■ **Task input**
★ ★ ★ ★ ★
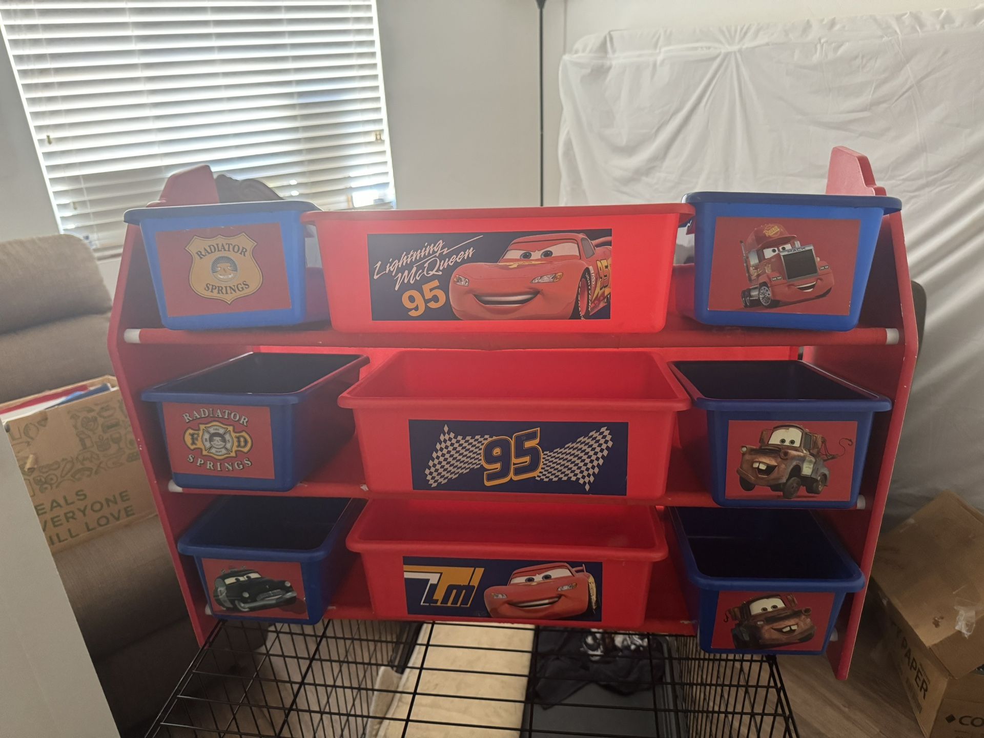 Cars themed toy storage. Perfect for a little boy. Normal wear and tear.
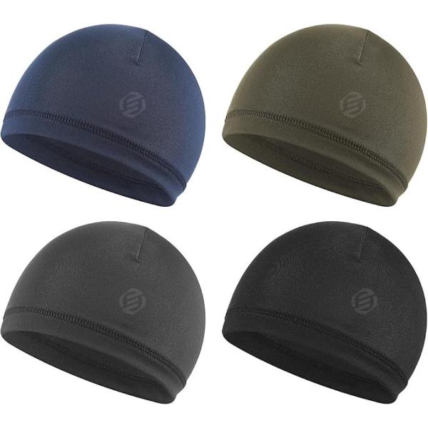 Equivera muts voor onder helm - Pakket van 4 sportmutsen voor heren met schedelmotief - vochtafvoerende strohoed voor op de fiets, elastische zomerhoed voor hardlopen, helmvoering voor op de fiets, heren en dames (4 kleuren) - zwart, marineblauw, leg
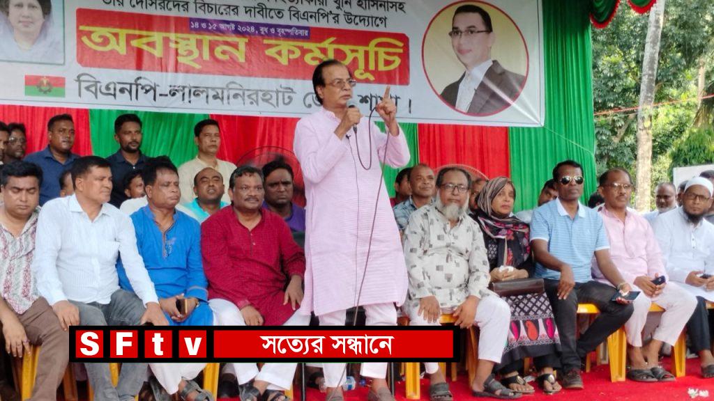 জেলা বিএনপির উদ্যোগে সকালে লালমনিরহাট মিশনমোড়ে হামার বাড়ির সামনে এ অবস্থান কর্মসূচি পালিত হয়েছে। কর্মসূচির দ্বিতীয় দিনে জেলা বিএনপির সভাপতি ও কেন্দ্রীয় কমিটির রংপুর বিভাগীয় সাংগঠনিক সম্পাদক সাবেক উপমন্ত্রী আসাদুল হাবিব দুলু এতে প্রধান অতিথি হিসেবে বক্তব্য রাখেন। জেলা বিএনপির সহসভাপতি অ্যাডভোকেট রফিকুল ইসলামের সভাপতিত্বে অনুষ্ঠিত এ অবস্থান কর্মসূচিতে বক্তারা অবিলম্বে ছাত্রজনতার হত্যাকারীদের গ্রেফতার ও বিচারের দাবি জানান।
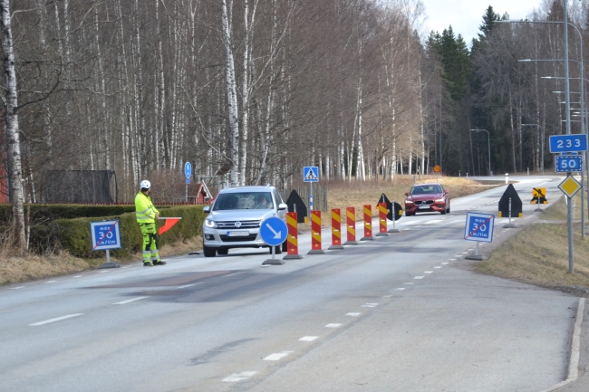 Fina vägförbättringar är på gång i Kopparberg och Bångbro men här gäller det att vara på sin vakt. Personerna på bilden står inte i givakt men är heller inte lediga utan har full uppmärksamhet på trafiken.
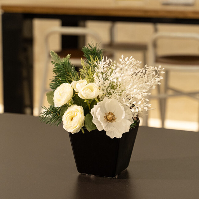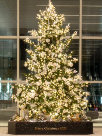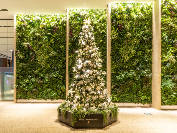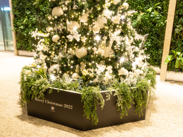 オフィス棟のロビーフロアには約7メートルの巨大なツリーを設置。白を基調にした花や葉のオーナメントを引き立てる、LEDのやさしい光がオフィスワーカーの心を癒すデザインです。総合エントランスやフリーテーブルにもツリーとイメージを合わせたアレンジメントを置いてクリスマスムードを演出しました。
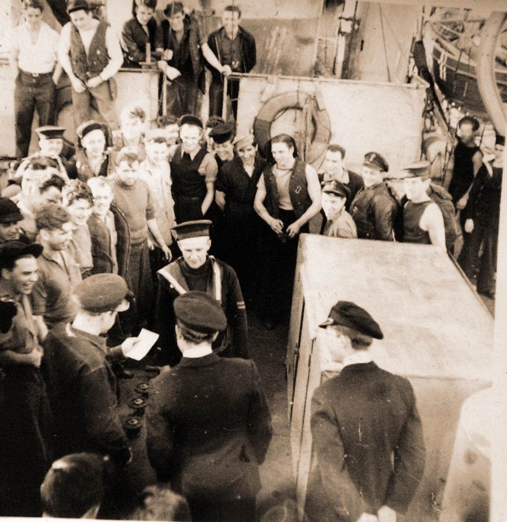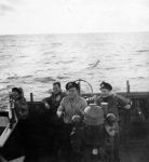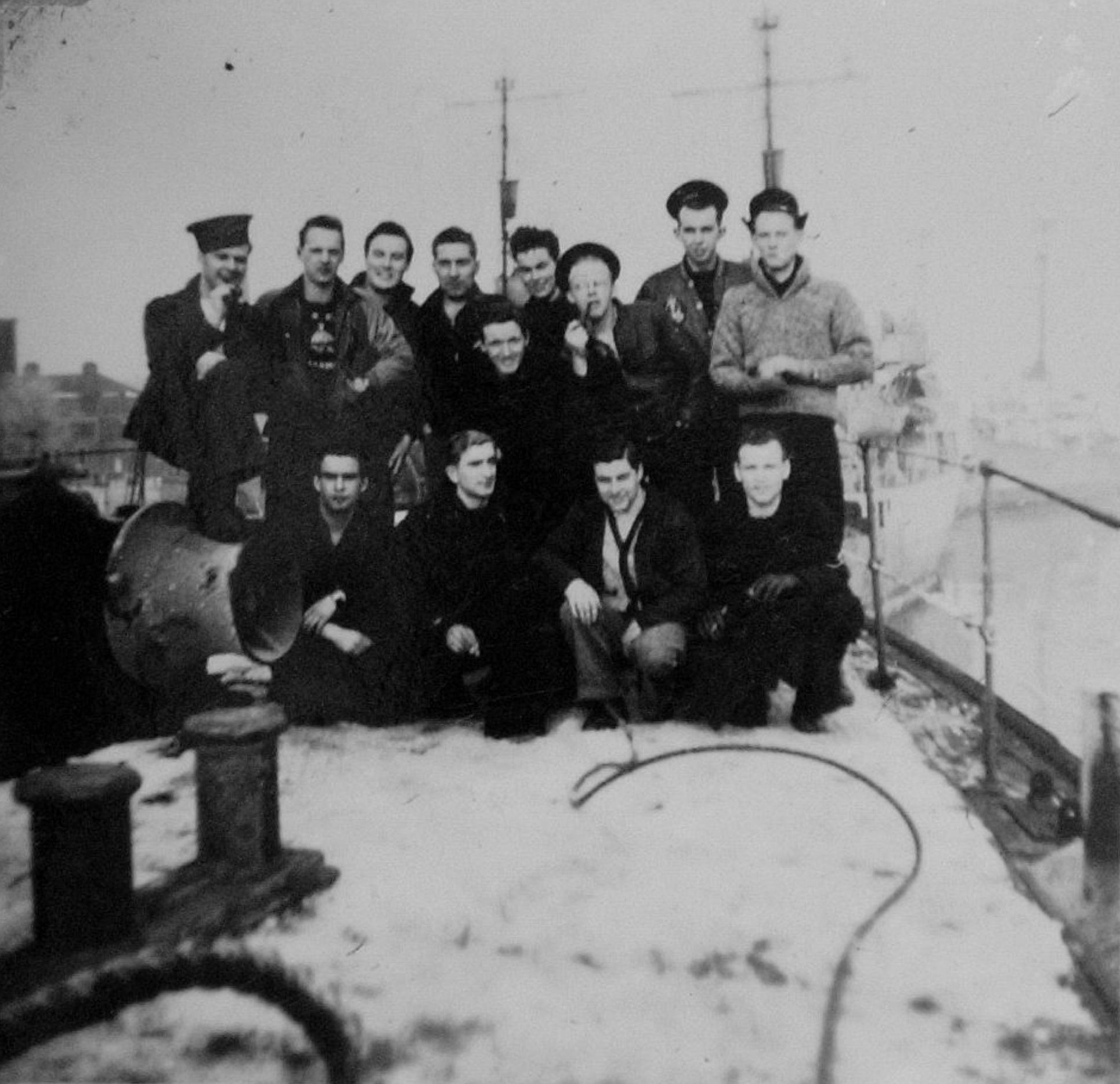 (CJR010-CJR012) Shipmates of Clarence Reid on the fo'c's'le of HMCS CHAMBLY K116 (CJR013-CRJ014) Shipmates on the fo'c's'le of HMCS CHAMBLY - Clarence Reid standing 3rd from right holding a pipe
★ ★ ★ ★ ★
■ **Problem description**
Pictures are to be left out, and the lines from the beginning of the records through the line with "Equivera muts voor" are to be printed exactly, with nothing added.

■ **Solution to this task**
 Cars themed toy storage. Perfect for a little boy. Normal wear and tear.
 Equivera muts voor onder helm - Pakket van 4 sportmutsen voor heren met schedelmotief - vochtafvoerende strohoed voor op de fiets, elastische zomerhoed voor hardlopen, helmvoering voor op de fiets, heren en dames (4 kleuren) - zwart, marineblauw, leg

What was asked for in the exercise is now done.